+++ Input data +++

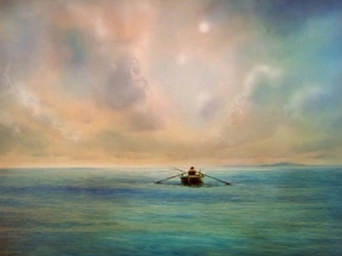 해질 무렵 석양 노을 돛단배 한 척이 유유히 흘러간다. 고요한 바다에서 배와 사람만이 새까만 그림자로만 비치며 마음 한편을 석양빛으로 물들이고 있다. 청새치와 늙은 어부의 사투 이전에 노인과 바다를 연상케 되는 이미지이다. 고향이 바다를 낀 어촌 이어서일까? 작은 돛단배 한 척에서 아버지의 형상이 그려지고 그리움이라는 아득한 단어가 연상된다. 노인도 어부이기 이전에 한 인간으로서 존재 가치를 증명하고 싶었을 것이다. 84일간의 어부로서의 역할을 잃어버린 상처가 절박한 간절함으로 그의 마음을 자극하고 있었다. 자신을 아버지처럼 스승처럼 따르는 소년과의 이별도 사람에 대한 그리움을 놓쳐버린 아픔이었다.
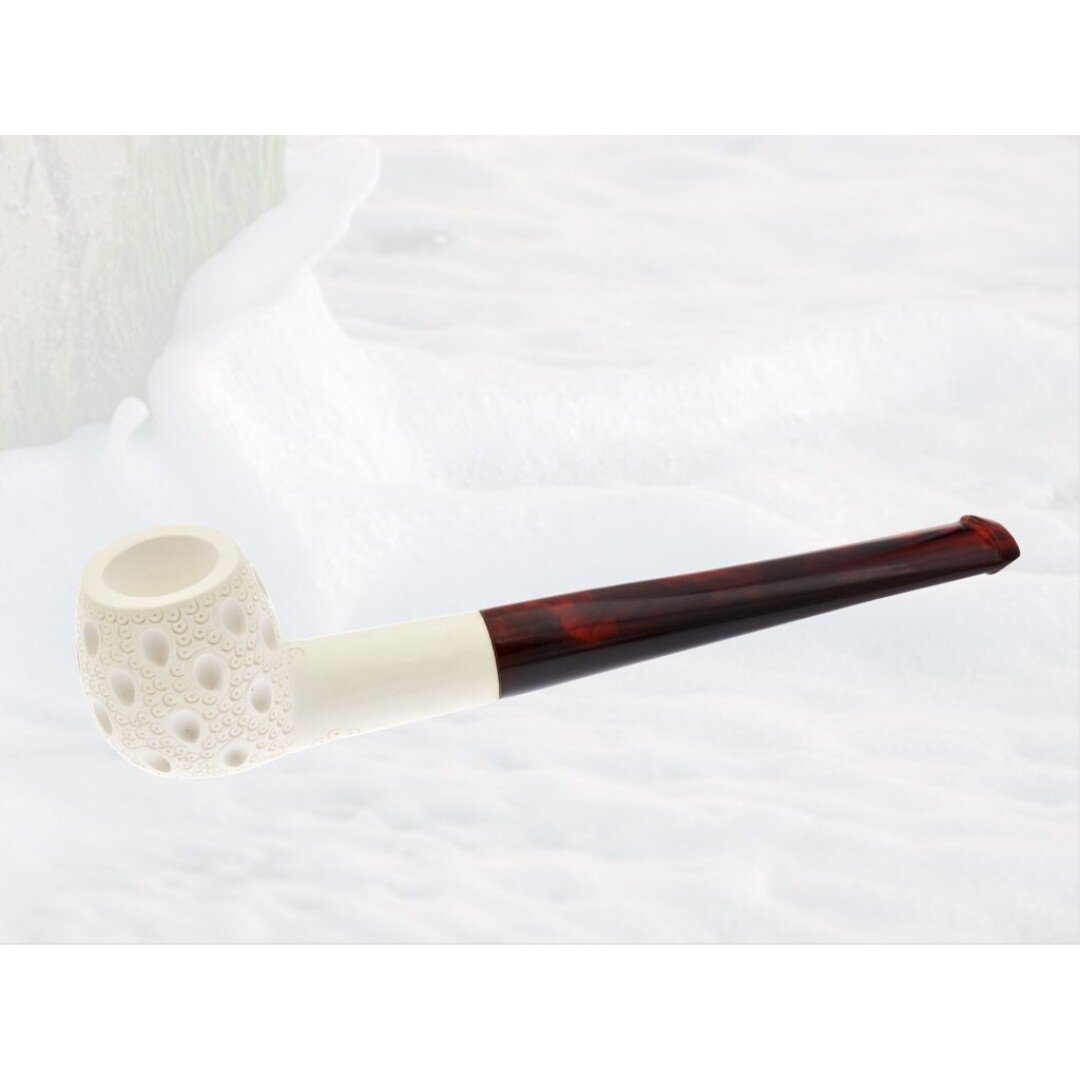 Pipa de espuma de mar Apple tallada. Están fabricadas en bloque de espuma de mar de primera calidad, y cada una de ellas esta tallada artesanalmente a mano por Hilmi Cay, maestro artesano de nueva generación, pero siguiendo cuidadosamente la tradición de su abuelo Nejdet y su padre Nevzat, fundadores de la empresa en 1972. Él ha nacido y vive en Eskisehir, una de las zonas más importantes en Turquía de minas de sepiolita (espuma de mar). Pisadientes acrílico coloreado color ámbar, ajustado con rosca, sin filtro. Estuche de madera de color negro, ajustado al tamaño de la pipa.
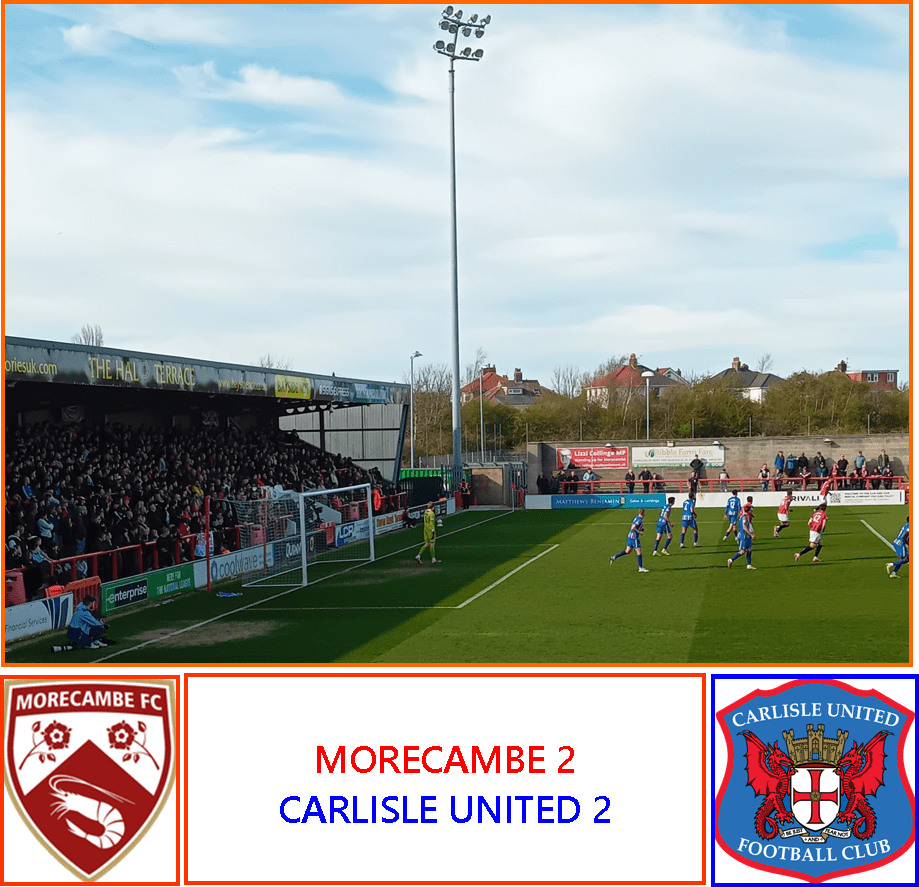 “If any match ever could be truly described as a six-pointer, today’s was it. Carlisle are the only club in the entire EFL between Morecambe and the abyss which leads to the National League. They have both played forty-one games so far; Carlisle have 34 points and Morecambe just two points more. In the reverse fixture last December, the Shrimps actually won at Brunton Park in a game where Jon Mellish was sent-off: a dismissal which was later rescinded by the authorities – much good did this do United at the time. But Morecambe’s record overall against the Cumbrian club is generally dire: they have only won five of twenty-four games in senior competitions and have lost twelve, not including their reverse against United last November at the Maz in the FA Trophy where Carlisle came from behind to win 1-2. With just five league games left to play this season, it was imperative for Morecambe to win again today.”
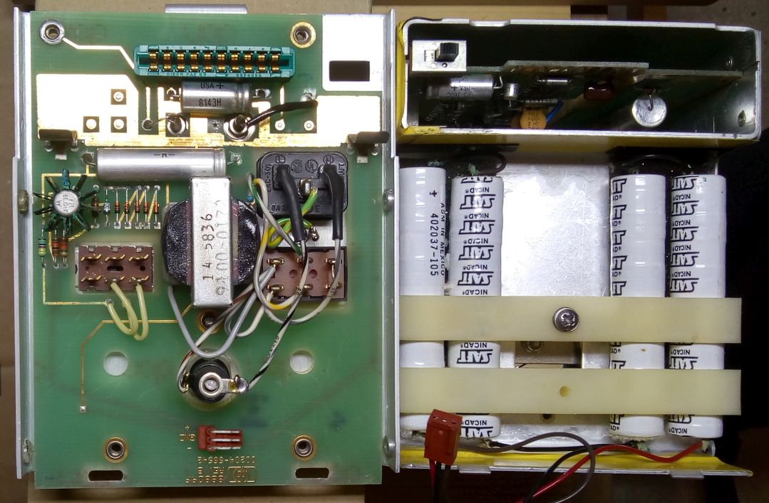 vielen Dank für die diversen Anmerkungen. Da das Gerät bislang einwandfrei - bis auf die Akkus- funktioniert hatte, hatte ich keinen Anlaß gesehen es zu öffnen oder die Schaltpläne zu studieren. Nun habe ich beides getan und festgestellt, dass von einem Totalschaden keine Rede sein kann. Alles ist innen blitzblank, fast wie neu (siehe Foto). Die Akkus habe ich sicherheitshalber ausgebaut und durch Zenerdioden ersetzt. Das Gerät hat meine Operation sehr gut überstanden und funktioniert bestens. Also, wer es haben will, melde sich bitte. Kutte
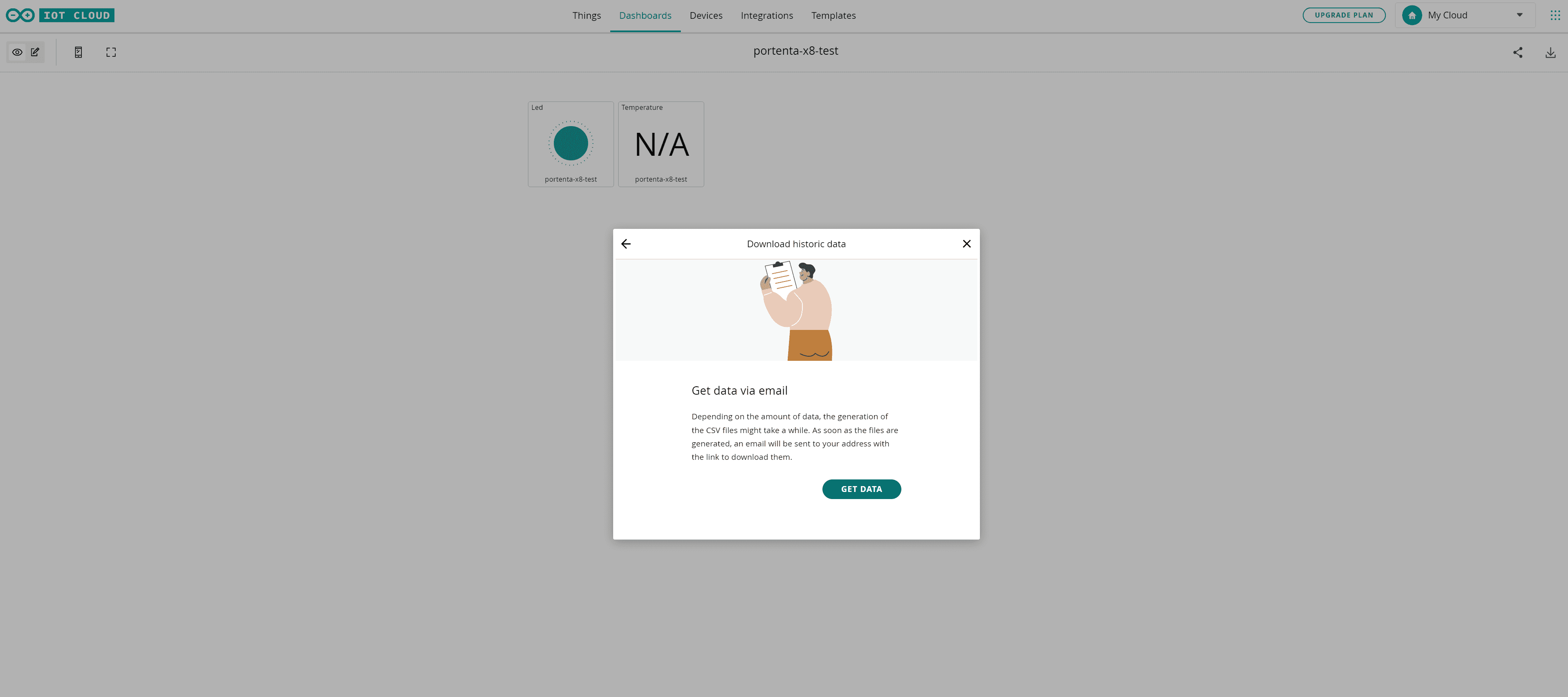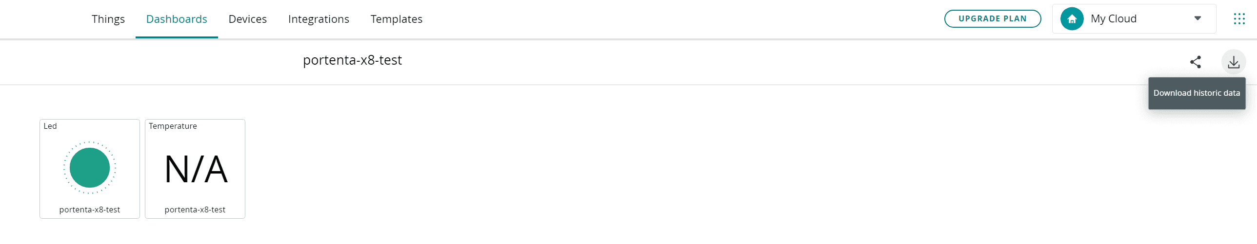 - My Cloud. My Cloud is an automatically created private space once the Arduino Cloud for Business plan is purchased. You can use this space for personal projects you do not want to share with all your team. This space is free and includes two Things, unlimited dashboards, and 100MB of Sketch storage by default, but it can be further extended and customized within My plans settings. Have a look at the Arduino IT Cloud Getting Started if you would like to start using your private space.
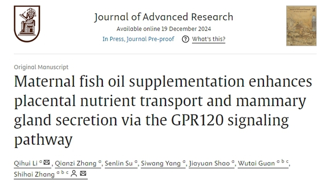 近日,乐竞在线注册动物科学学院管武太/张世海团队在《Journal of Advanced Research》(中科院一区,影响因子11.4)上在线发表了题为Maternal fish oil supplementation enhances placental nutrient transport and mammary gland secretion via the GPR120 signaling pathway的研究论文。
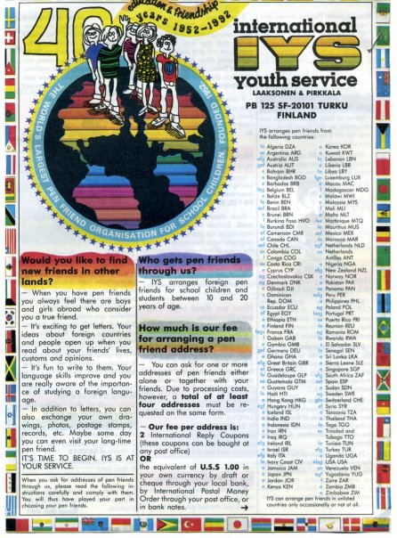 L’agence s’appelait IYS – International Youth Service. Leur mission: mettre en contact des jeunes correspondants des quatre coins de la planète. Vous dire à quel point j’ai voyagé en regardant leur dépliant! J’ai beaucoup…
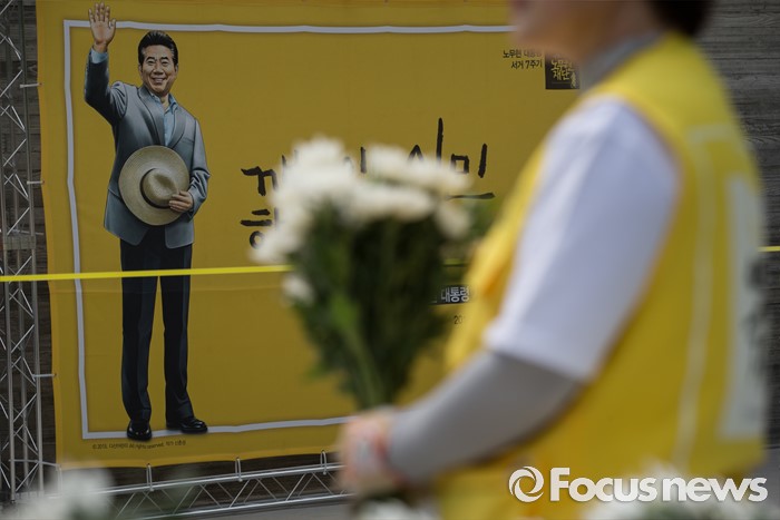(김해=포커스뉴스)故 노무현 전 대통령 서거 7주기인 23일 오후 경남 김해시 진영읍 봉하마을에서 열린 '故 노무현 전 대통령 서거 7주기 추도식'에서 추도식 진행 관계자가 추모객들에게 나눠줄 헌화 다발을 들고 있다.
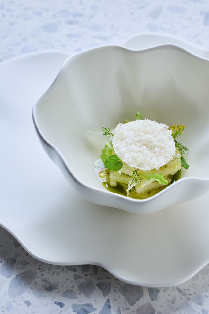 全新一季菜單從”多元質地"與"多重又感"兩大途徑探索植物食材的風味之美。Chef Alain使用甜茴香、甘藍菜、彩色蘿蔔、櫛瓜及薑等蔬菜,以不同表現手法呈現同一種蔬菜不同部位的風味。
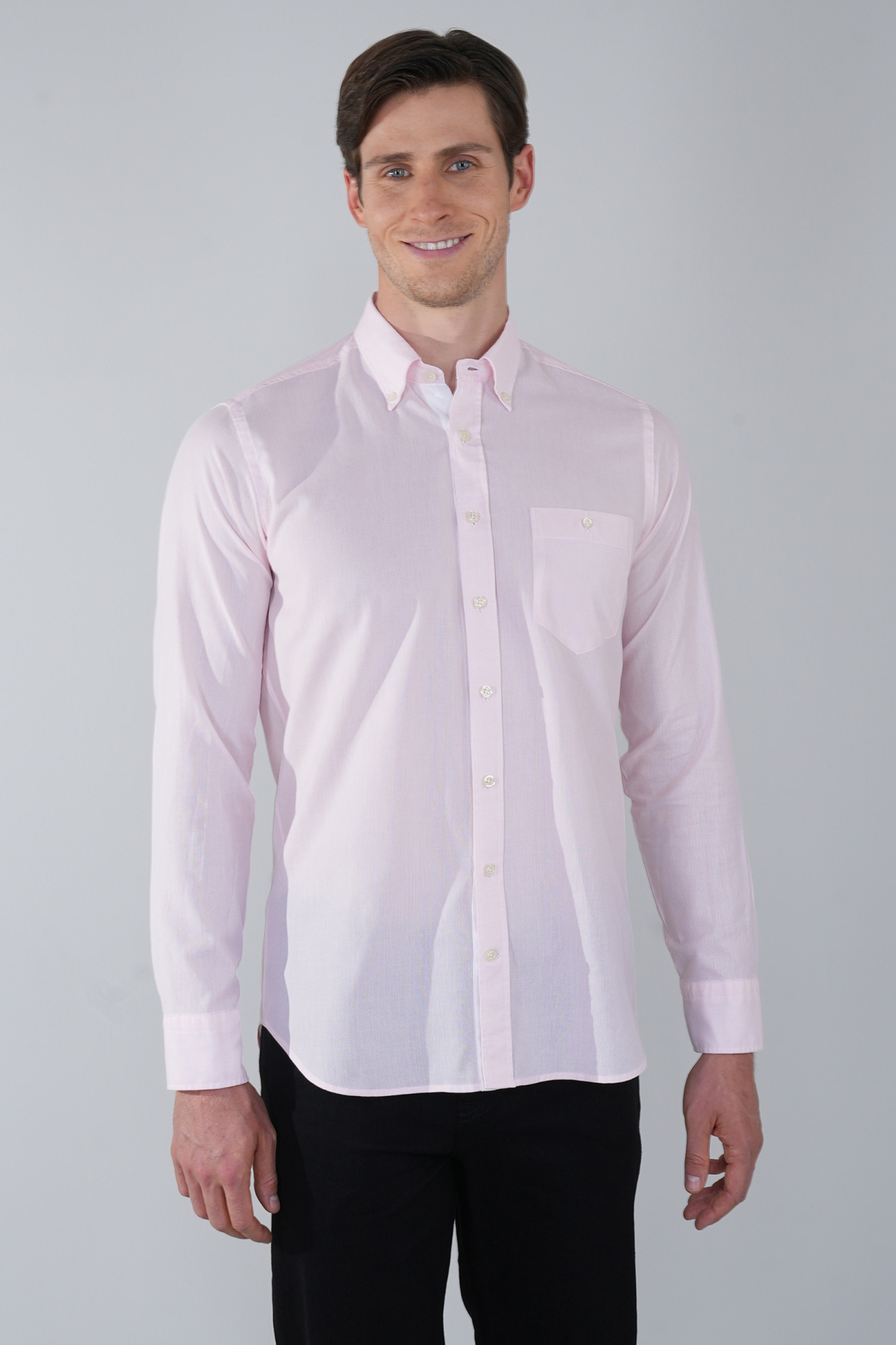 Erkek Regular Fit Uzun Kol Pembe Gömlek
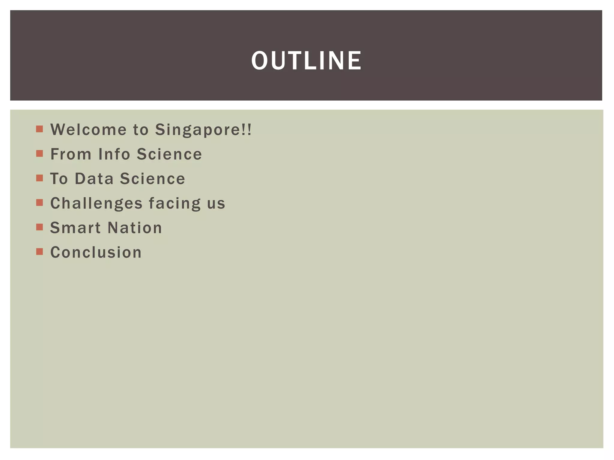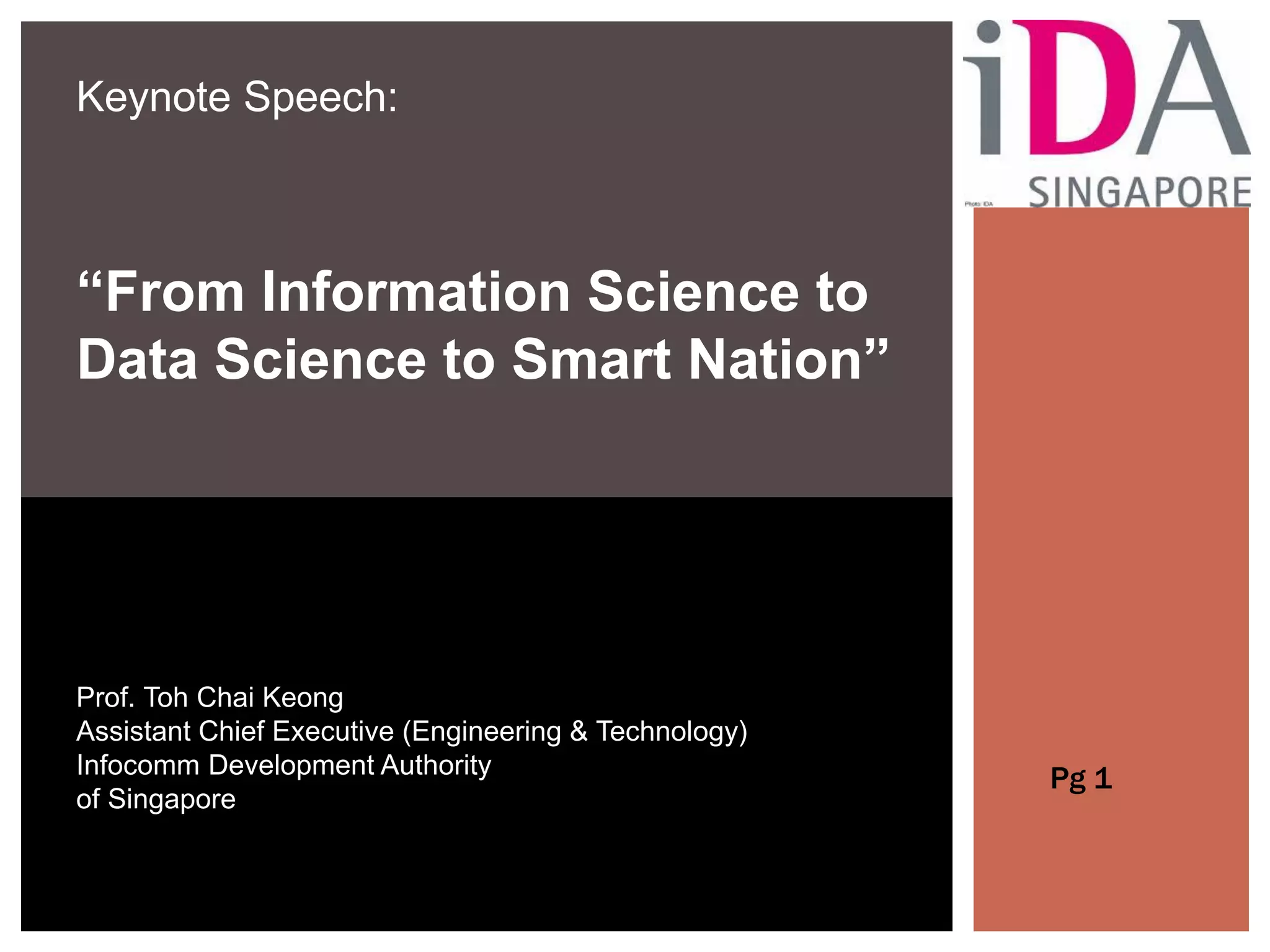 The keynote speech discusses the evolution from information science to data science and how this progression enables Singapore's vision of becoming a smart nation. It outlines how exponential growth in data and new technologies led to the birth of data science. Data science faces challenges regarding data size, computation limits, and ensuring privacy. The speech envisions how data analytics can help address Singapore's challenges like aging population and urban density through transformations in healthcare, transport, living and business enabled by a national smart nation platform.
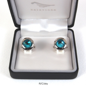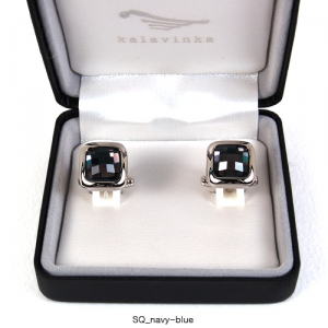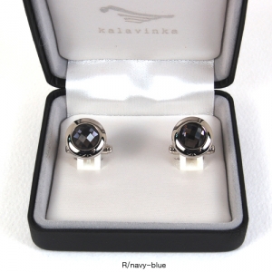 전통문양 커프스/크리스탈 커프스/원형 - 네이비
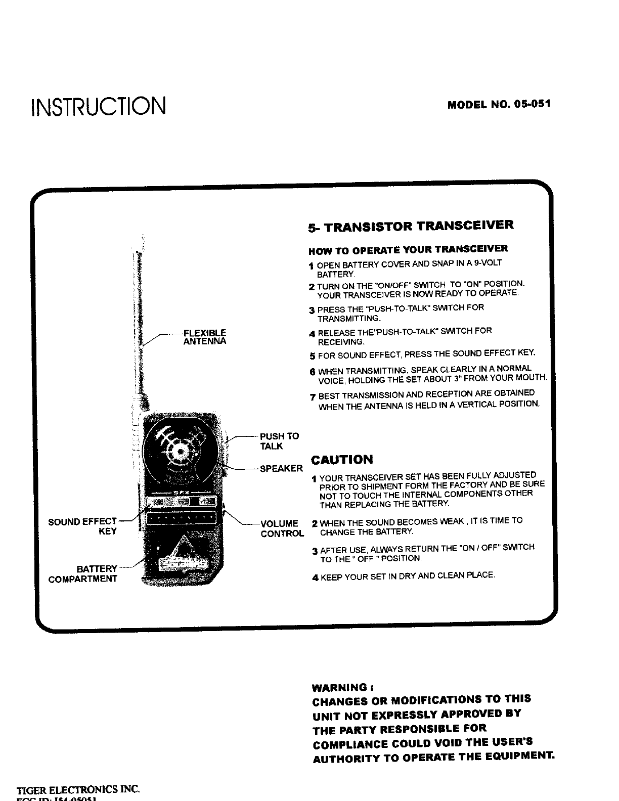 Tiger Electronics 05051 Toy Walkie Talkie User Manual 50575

+++

• **Your objective**:
Between and including the line with "vielen Dank für" and the line with "L’agence s’appelait IYS", repeat every line exactly as it appears above, with pictures left out.

• **Written solution**:
 vielen Dank für die diversen Anmerkungen. Da das Gerät bislang einwandfrei - bis auf die Akkus- funktioniert hatte, hatte ich keinen Anlaß gesehen es zu öffnen oder die Schaltpläne zu studieren. Nun habe ich beides getan und festgestellt, dass von einem Totalschaden keine Rede sein kann. Alles ist innen blitzblank, fast wie neu (siehe Foto). Die Akkus habe ich sicherheitshalber ausgebaut und durch Zenerdioden ersetzt. Das Gerät hat meine Operation sehr gut überstanden und funktioniert bestens. Also, wer es haben will, melde sich bitte. Kutte
 - My Cloud. My Cloud is an automatically created private space once the Arduino Cloud for Business plan is purchased. You can use this space for personal projects you do not want to share with all your team. This space is free and includes two Things, unlimited dashboards, and 100MB of Sketch storage by default, but it can be further extended and customized within My plans settings. Have a look at the Arduino IT Cloud Getting Started if you would like to start using your private space.
 近日,乐竞在线注册动物科学学院管武太/张世海团队在《Journal of Advanced Research》(中科院一区,影响因子11.4)上在线发表了题为Maternal fish oil supplementation enhances placental nutrient transport and mammary gland secretion via the GPR120 signaling pathway的研究论文。
 L’agence s’appelait IYS – International Youth Service. Leur mission: mettre en contact des jeunes correspondants des quatre coins de la planète. Vous dire à quel point j’ai voyagé en regardant leur dépliant! J’ai beaucoup…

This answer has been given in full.